## Extracted information
· · · · ·
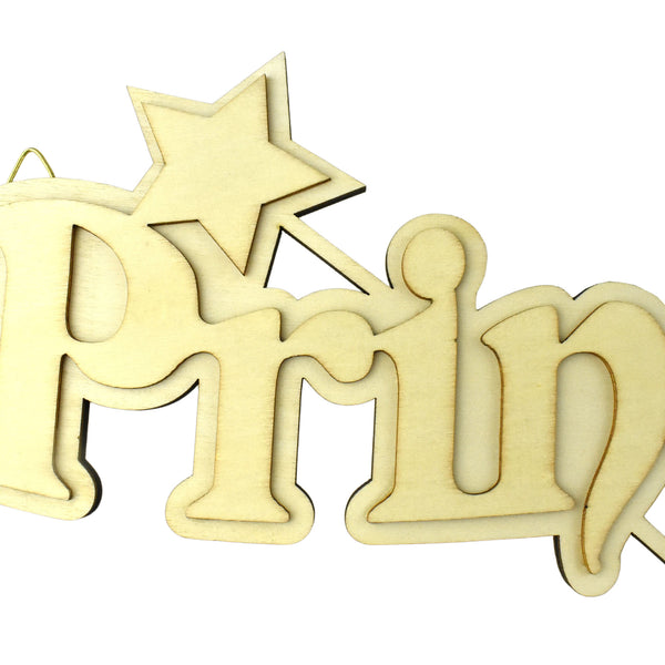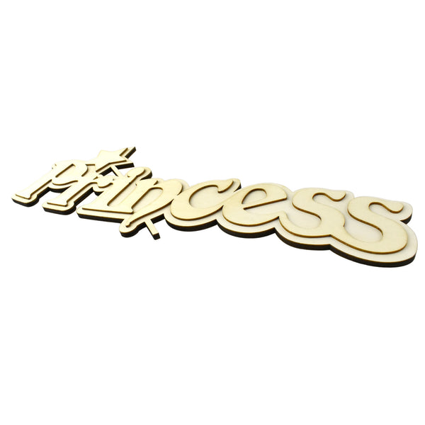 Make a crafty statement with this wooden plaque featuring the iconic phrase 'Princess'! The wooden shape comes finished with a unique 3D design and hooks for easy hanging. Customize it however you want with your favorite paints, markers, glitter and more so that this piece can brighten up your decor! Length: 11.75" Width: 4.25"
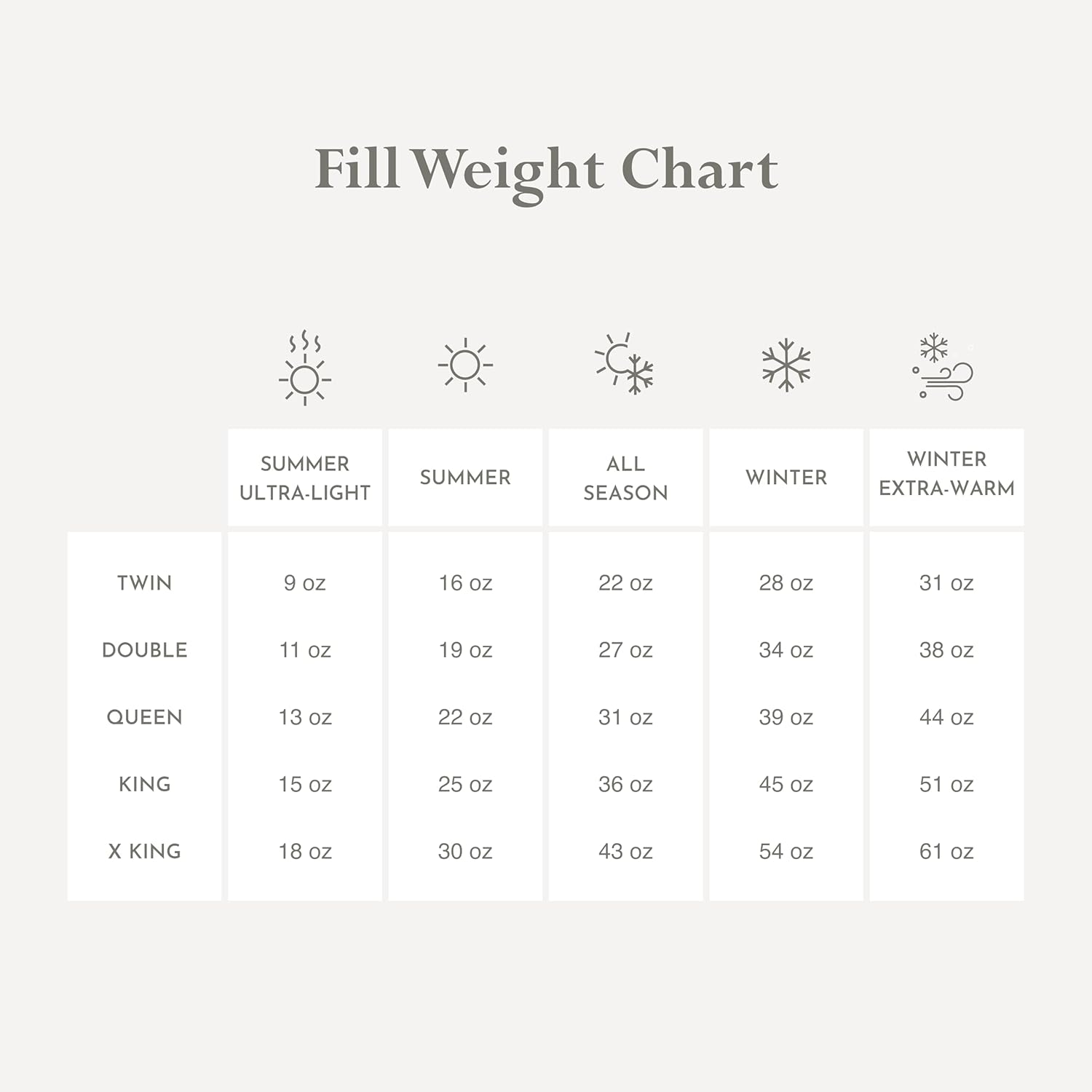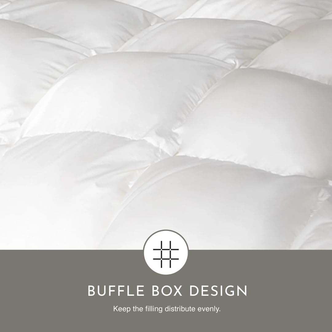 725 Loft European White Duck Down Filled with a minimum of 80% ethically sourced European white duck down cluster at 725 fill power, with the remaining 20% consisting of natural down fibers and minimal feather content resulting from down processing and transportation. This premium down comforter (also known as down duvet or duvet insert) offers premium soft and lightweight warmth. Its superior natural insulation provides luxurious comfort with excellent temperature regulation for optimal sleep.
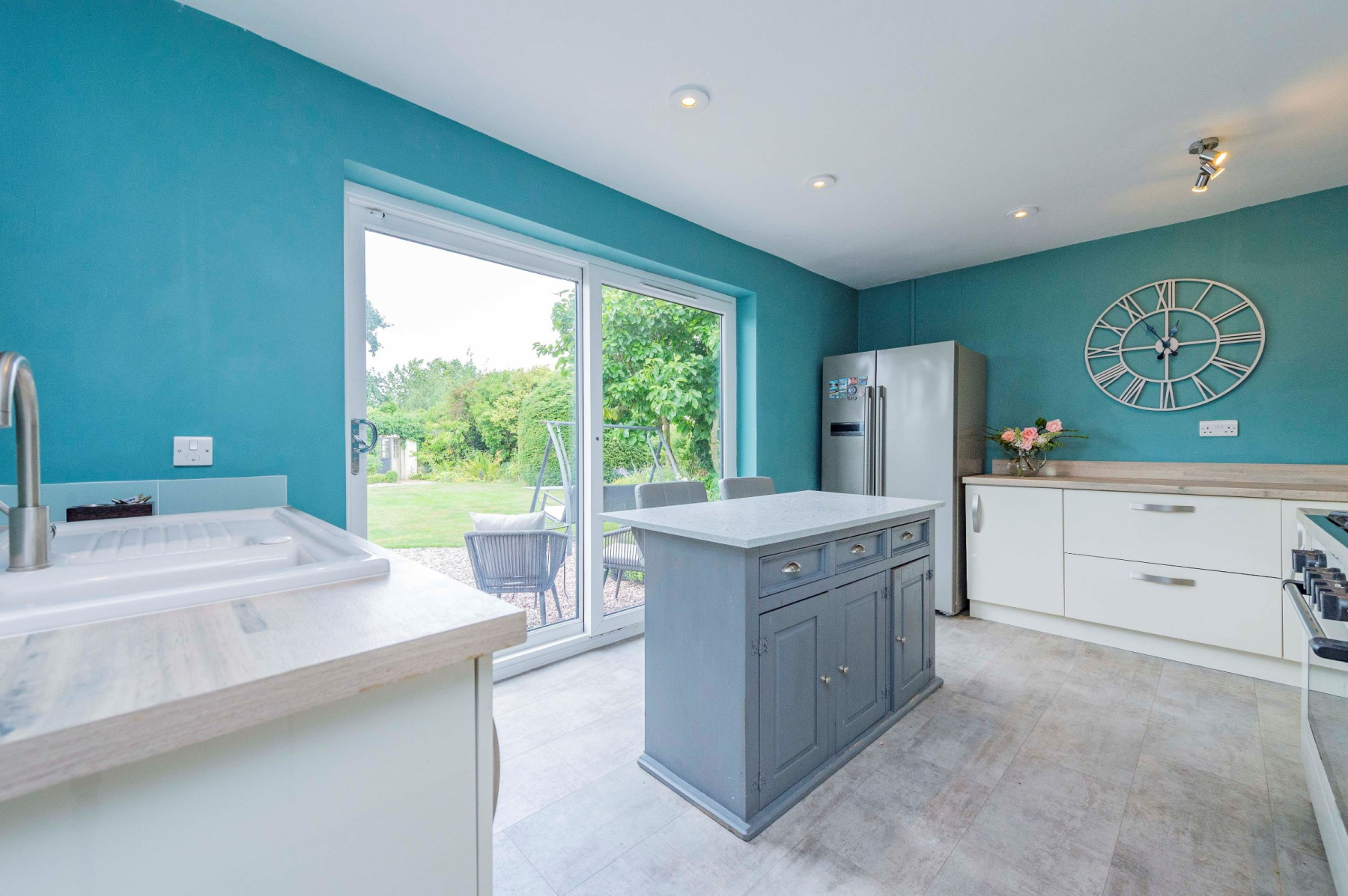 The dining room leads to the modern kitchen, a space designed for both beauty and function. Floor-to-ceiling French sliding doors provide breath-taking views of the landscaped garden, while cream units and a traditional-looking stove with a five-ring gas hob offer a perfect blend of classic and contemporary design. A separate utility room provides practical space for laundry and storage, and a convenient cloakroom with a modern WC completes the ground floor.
· · · · ·
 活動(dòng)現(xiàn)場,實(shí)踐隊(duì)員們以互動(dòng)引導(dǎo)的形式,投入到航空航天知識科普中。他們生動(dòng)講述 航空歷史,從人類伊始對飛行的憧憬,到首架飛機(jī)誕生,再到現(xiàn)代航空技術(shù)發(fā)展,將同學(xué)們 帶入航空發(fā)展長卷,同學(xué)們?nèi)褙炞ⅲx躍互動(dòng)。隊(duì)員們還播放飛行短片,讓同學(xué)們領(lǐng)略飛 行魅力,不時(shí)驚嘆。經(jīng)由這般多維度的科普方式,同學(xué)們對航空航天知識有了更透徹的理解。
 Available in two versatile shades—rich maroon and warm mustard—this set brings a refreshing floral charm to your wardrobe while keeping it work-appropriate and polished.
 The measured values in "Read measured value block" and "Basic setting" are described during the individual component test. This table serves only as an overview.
· · · · ·
In the listing above, find the line with "Make a crafty" and output every line through the one with "725 Loft European", exactly, without the pictures.

## Answer for this exercise
 Make a crafty statement with this wooden plaque featuring the iconic phrase 'Princess'! The wooden shape comes finished with a unique 3D design and hooks for easy hanging. Customize it however you want with your favorite paints, markers, glitter and more so that this piece can brighten up your decor! Length: 11.75" Width: 4.25"
 725 Loft European White Duck Down Filled with a minimum of 80% ethically sourced European white duck down cluster at 725 fill power, with the remaining 20% consisting of natural down fibers and minimal feather content resulting from down processing and transportation. This premium down comforter (also known as down duvet or duvet insert) offers premium soft and lightweight warmth. Its superior natural insulation provides luxurious comfort with excellent temperature regulation for optimal sleep.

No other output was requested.